还没有骂几句,就听见周围的动静了。
果然,这种楼里,到处都是自媒体小达人。
几个房门“吱呀”一声打开了缝,露出一双双看热闹的眼睛。
“大姐,大姐你先消消气。”陈火旺赶紧安抚,“我们进去说,进去说行吗?这影响不好。”
何晓莲也意识到自己失态了,愤愤地瞪了一眼那些偷看的邻居,扭头进了屋。
“进来吧!有什么好看的!”
屋里不大,摆设很简单。
一张双人床,一个大衣柜,一张吃饭的桌子。
墙上贴着一张四大天王的海报,已经有些泛黄。
空气里弥漫着一股说不清的味儿,有点闷。
“坐吧。”何晓莲没好气地指了指桌边的两张板凳。
刘宇和陈火旺坐下。
“何大姐,我们就是想问问,前天晚上,也就是22号晚上,你爱人赵文渊在家吗?”刘宇开门见山。

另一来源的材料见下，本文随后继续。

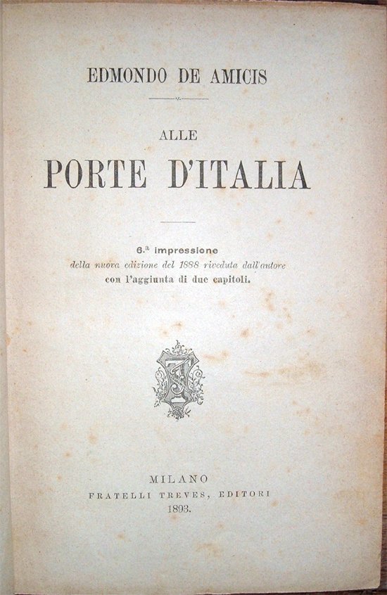 Alle porte d'Italia. 6.a impressione della nuova edizione del 1888 riveduta dall'autore con l'aggiunta di due capitoli

“在家?”何晓莲冷笑一声,那笑声里充满了鄙夷和怨恨。
“他现在心里哪还有这个家!”
“那天他说厂里要加班,赶生产任务,一晚上都没回来!”
加班?
刘宇和陈火旺对视一眼。
“我当时还信了!我还傻乎乎地给他留了饭,用碗罩着,怕凉了!结果呢?”
何晓莲越说越激动。
“他根本不是加班!他肯定是跟那个莫柳安骚蹄子鬼混去了!”
“那个骚蹄子,年纪轻轻不学好,就知道勾引有妇之夫!”
“他赵文渊算个什么东西!要不是我爹当年看他可怜,托关系把他弄进纺织厂,他现在还在乡下刨地呢!”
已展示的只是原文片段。